While Odisha has launched a parallel scheme that offers hospitalisation cover of up to Rs 5 lakh to men and Rs 7 lakh to women, “the other states have agreed and are in the process of signing”, Dr Indu Bhushan said.

The Delhi government has allocated Rs 100 crore in this year’s budget for the state insurance scheme that will provide a cover of Rs 1 lakh per family per year for most illnesses that need hospitalisation and Rs 2-4 lakh for critical illnesses. According to Delhi health minister Satyendar Jain, between 1,700-1,800 illnesses and conditions will be listed as ‘critical’.

A government official familiar with the developments said that the insurance scheme to be launched by the Delhi government will also include beneficiaries who show National Food Security cards and have electricity connection load below 2 kilowatts. The officials claimed that this will widen the beneficiary net to include 1.2 crore people as opposed to the 35 lakh people (7 lakh families) who would receive insurance cover if the Centre’s norms were followed.

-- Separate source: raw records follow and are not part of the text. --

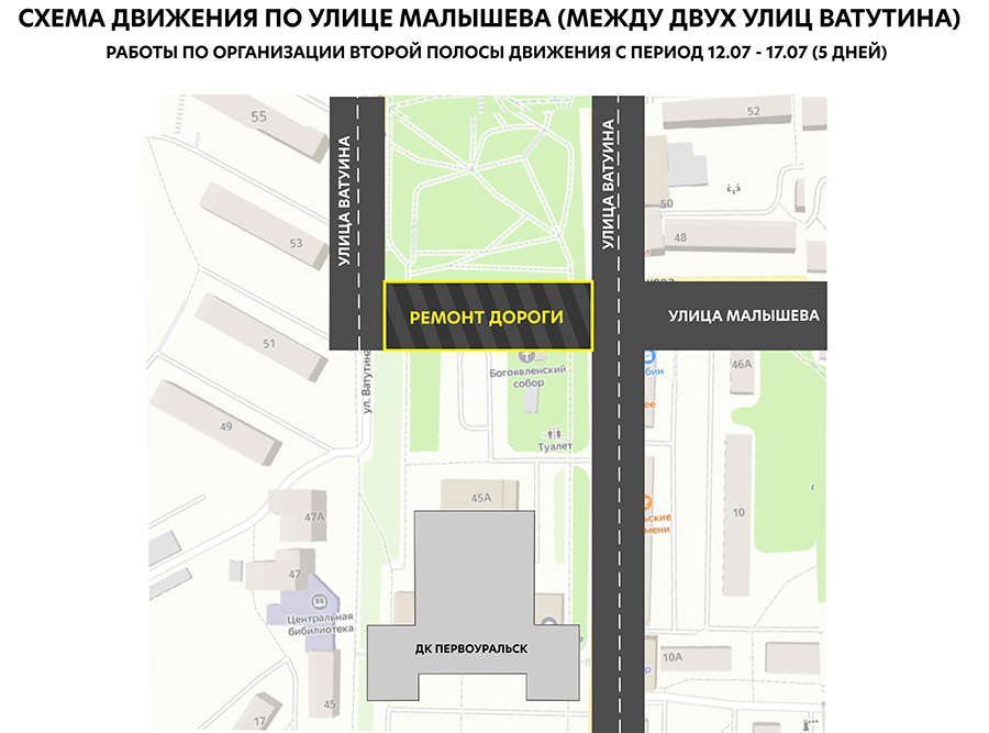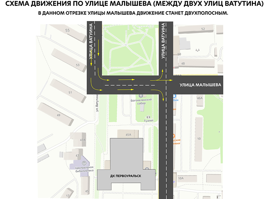 Перешеек на Малышева будет двухполосным. Этого, к слову, долго ждали первоуральцы. Одна полоса пойдет в сторону площади, вверх, вторая – прямо по Малышева и вниз по улице Ватутина. – Это разгрузит транспортный поток в момент, когда проспект Ильича вновь перекроют.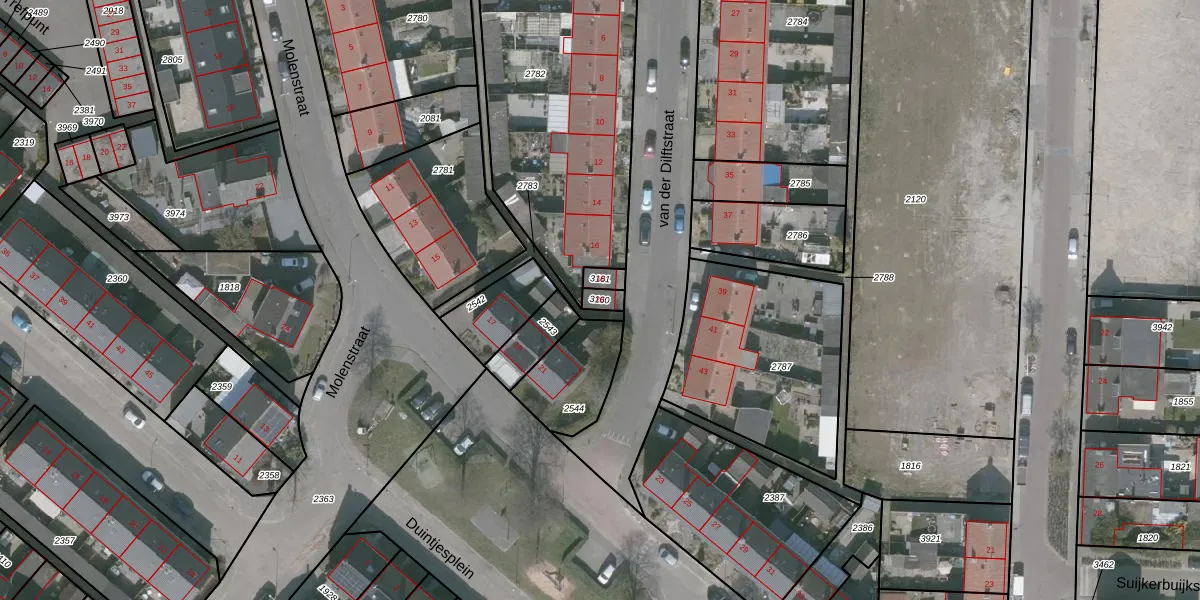 Gebruik de zoekbalk of klik op een perceel om informatie over het perceel te bekijken.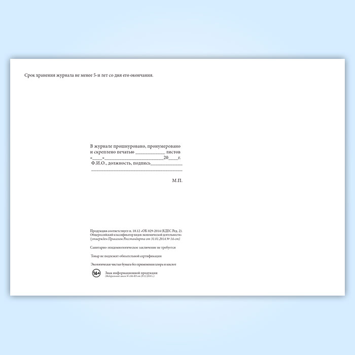 Вы получаете печатную продукцию прошнурованной и c местом для вашей печати в соответствии с действующими нормативными документами: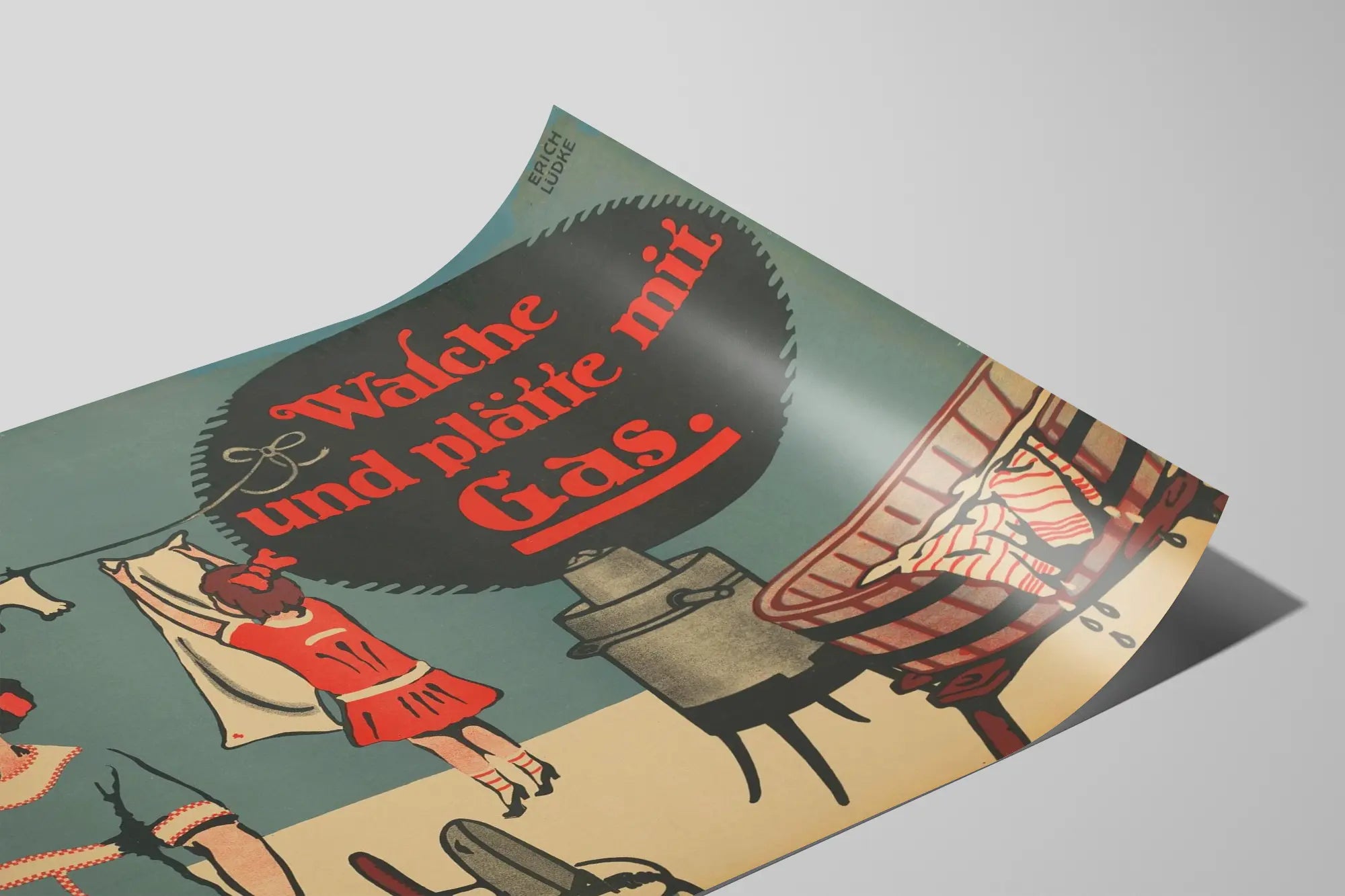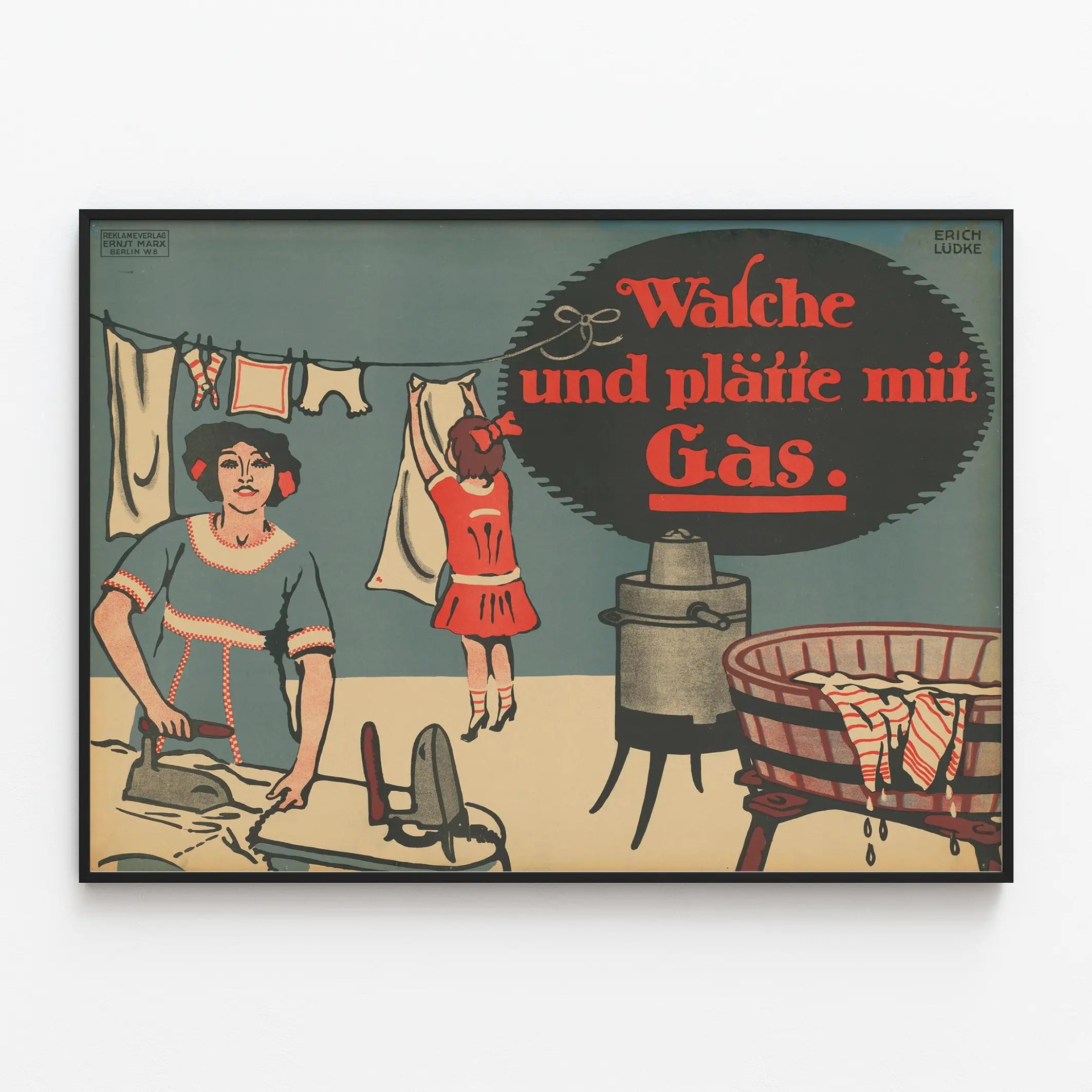 Cette affiche vintage représente une scène de vie quotidienne centrée sur le lavage et le repassage du linge à l’aide du gaz. On y voit une femme s’affairant à repasser des vêtements avec un fer à repasser ancien, tandis qu’une petite fille accroche du linge sur un fil à linge. À droite, un équipement de lavage au gaz, vraisemblablement chauffant une cuve ou bassin, complète la scène. Le texte "Wasche und plätte mit Gas" est inscrit en lettres rouges dans une bulle noire, soulignant l’usage du gaz pour ces tâches ménagères. Cette affiche murale offre un style décoratif rétro, caractérisé par un dessin simple utilisant une palette de couleurs limitée : tons de beige, rouge, gris et bleu-gris. La composition est équilibrée, avec les personnages placés à gauche et au centre, et le texte principal occupant un espace important à droite, assurant une bonne lisibilité et un impact visuel fort. Ce type d'affiche peut être utilisé en décoration murale pour apporter une touche d’authenticité et de charme rétro à un intérieur. Elle est idéale pour une décoration murale dans un espace de vie, une cuisine ou un coin dédié au linge, offrant une ambiance vintage et nostalgique. L’affiche combine ainsi esthétisme et storytelling, évoquant le quotidien des années passées avec des éléments iconiques comme le fer à repasser, les vêtements suspendus et la cuve de lavage chauffée au gaz. En tant que poster ou élément décoratif, cette affiche vintage s’intègre facilement dans des styles variés, notamment le style industriel, rétro ou encore le style scandinave industriel. Son design épuré, ses couleurs sobres et son thème familier contribuent à en faire un objet décoratif attractif pour les amateurs de décoration murale thématique et historique.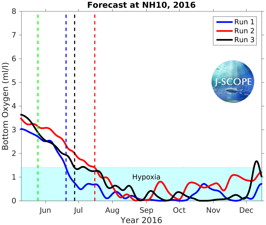 The emergence in anoxia in the model is caused by a bias associated with the lack of relaxations in the winds (found to be important in a paper by Adams et al, 2013) in CFS as well as a bias in the short wave radiation (see 2013, Year in Review). The model does have skill in predicting the emergence and severity of hypoxia, while it is biased low for these reasons. Given the difficulty in predicting the fall transition in 2013 or 2014 (see 2013, Year in Review), the forecast for low oxygen levels forecasted well into September is highly uncertain.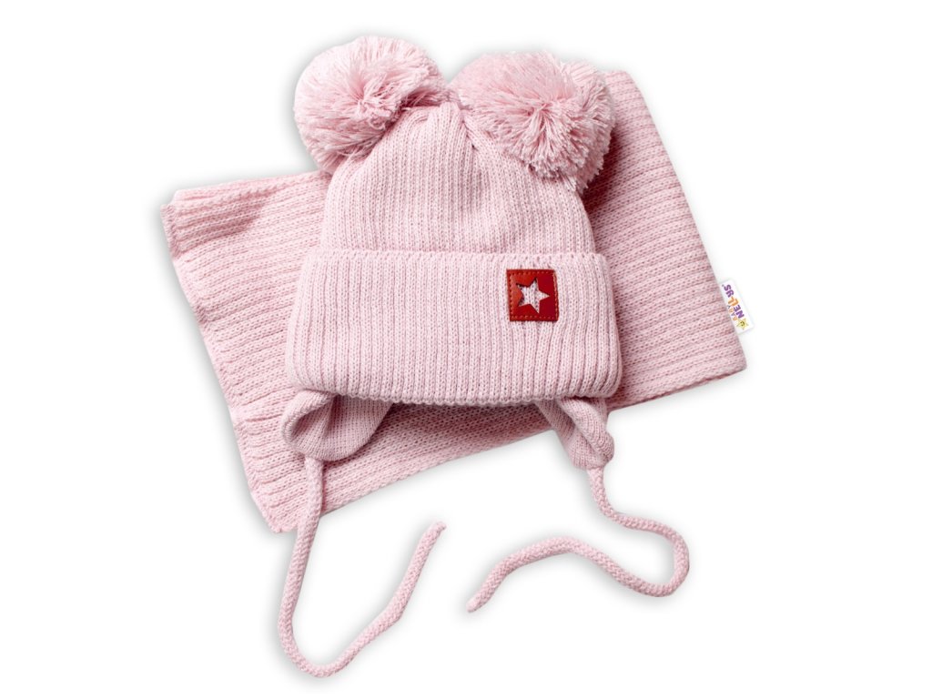 Dětská zimní čepice s šálou STAR - pudrová s bambulkami, BABY NELLYS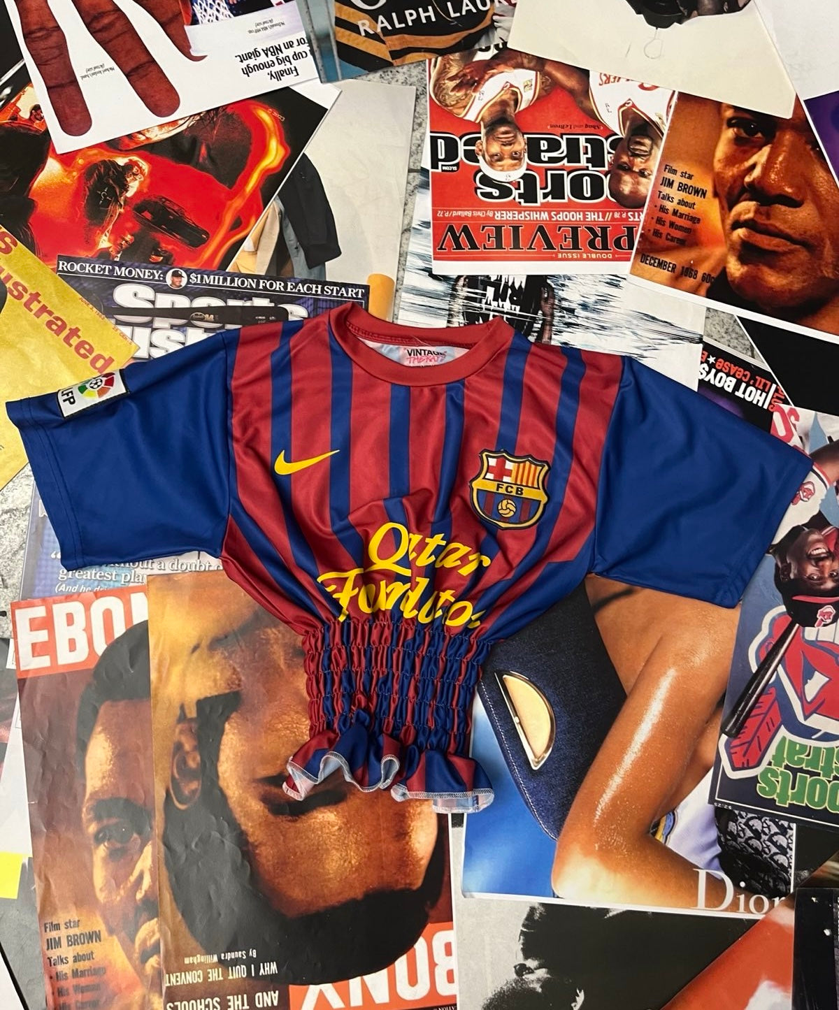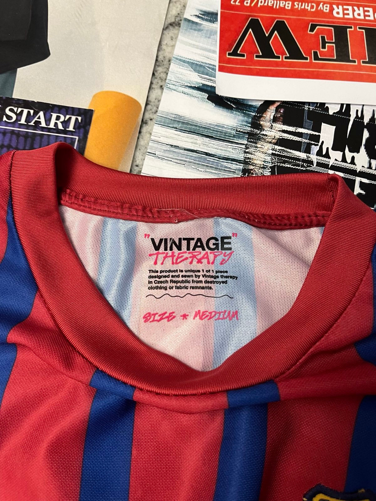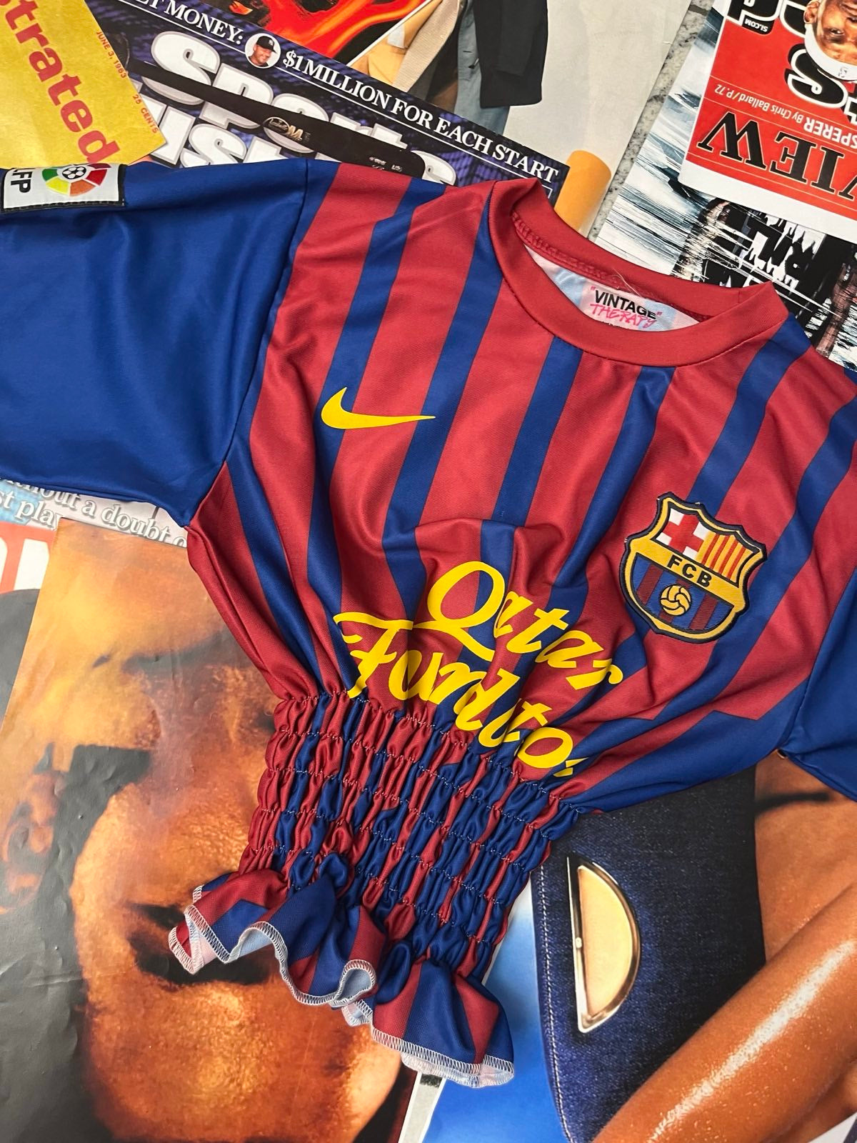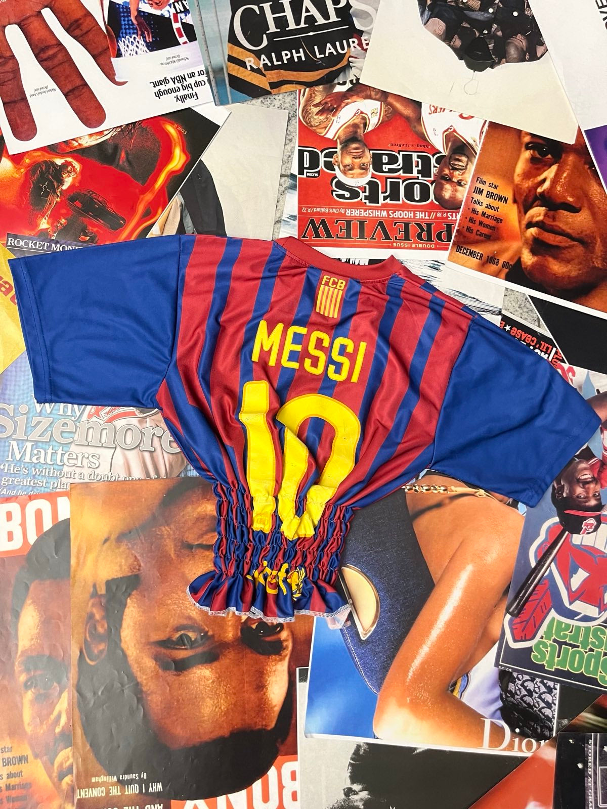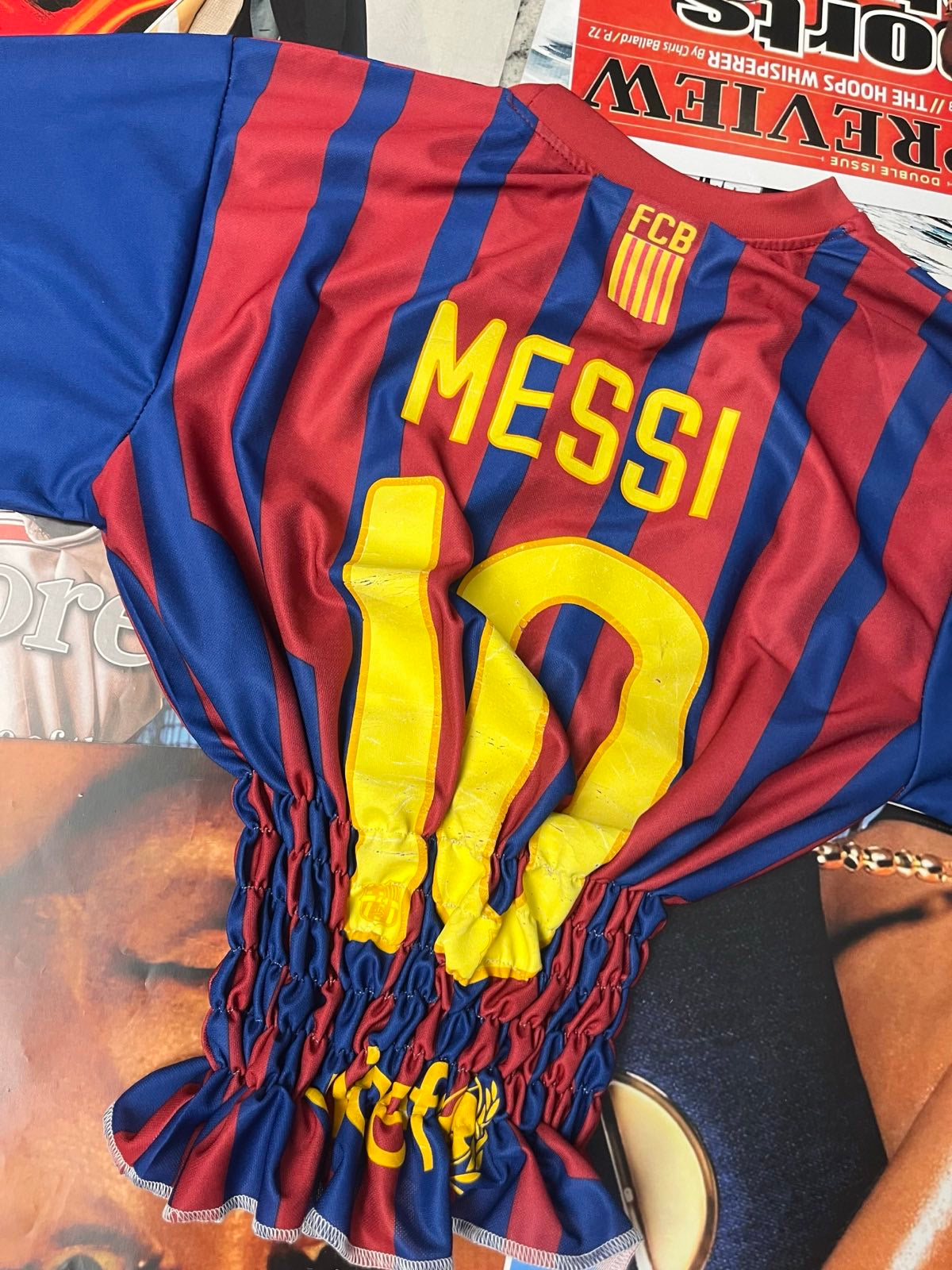 Reworked TOP s žabičkováním fotbalový dres červeno-modrý pruhovaný FCB, nápis Messi na zádech M

“It should not be either/ or; the state government should utilise funds from the centre to augment their own scheme. Combining the two, if possible, would help in making the scheme more workable as several of the package rates that have been proposed are way below the market rates and hospitals may not be able to or want to operate on those costs. Also, it is important to not have the 1 lakh or 5 lakh cap on the insurance cover uniformly for all. Rather the schemes must look at disease category wise cover because, for example, a person who undergoes an organ or bone marrow transplant will need expensive medicines for life, but that is not true for someone who has undergone other routine surgeries,” said Dr MC Mishra, former director of All India Institute of Medical Science.